The tapping device converts the vertical movement of the upper die into rotational motion, thereby forming internal threads.
For internal thread holes on the bending surface, the stamping sequence involves tapping followed by bending.
To prevent incomplete flanging from die component damage affecting tapping, the engineers install a misfeed detection device before tapping.
Engineers have validated the die through actual production: its structure is rational, and the formed parts meet the requirements.
FAQ:
What is a progressive die and how does it shape sheet metal?
A progressive die is a specialized tool used in stamping that shapes sheet metal through a series of sequential operations, such as blanking, punching, flanging, bending, and tapping. Each station performs a specific task, producing complex parts efficiently and consistently.

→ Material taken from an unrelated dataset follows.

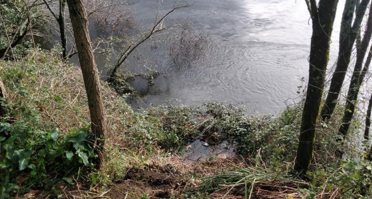 Axentes da Policía Local de Tui rescataron este martes, 27 de decembro, a primeira hora a tarde a unha muller que caera por un talude duns catro metros ao río Miño en Caldelas.

How does a tapping unit work in a progressive die?
The tapping unit converts the vertical motion of the upper die into rotational motion using a screw and gears. This allows the formation of internal threads directly on the sheet metal part during production.
Why are two-step bending processes necessary for thicker sheet metal?
Thicker sheet metal tends to spring back after bending. Operators implement pre-bending followed by final bending to control springback, ensuring precise angles and preventing dimensional inaccuracies.
What is the function of a slanting ejector in sheet metal forming?
A slanting ejector prevents bent thread holes from locking within the die, ensuring smooth removal of the formed part and avoiding damage to delicate features like internal threads or flanges.
How does progressive die forming improve efficiency for small-sized parts?
For small parts with positioning challenges, single-stage dies often cause high scrap rates. Progressive dies reduce scrap by performing multiple operations sequentially, increasing precision and overall production efficiency.
What steps are involved in forming a U-shaped sheet metal part with a threaded hole?
The forming sequence includes blanking, punching, flanging, pre-bending, bending, and tapping. Additional measures like trimming, slotting, and inserting idle steps are incorporated to maintain die strength and part quality.
How is a misfeed detection device used in progressive die operations?
A misfeed detector monitors the strip and countersink quality. If the strip misfeeds or the countersink is off-spec, the device alerts and pauses the press, preventing defective parts and die damage.
What design considerations are applied to the bending and tapping sections of the die?
The bending punch is inclined to avoid retaining positions from previous bends, and shims are added to accommodate the tapping unit’s height. This ensures smooth threading and ejection without interference.
How are idle steps utilized in progressive die design?
Idle steps, such as Steps ②–③ or ⑫–⑯, allow space for inserts, misfeed detectors, or die components while not performing active forming. These steps help optimize die strength and maintain proper spacing between operations.
How is the progressive die validated for production use?
Engineers validate the die through actual production runs, checking that the structure is rational, operations function correctly, and the formed parts meet design specifications for dimensions, threads, and flanges.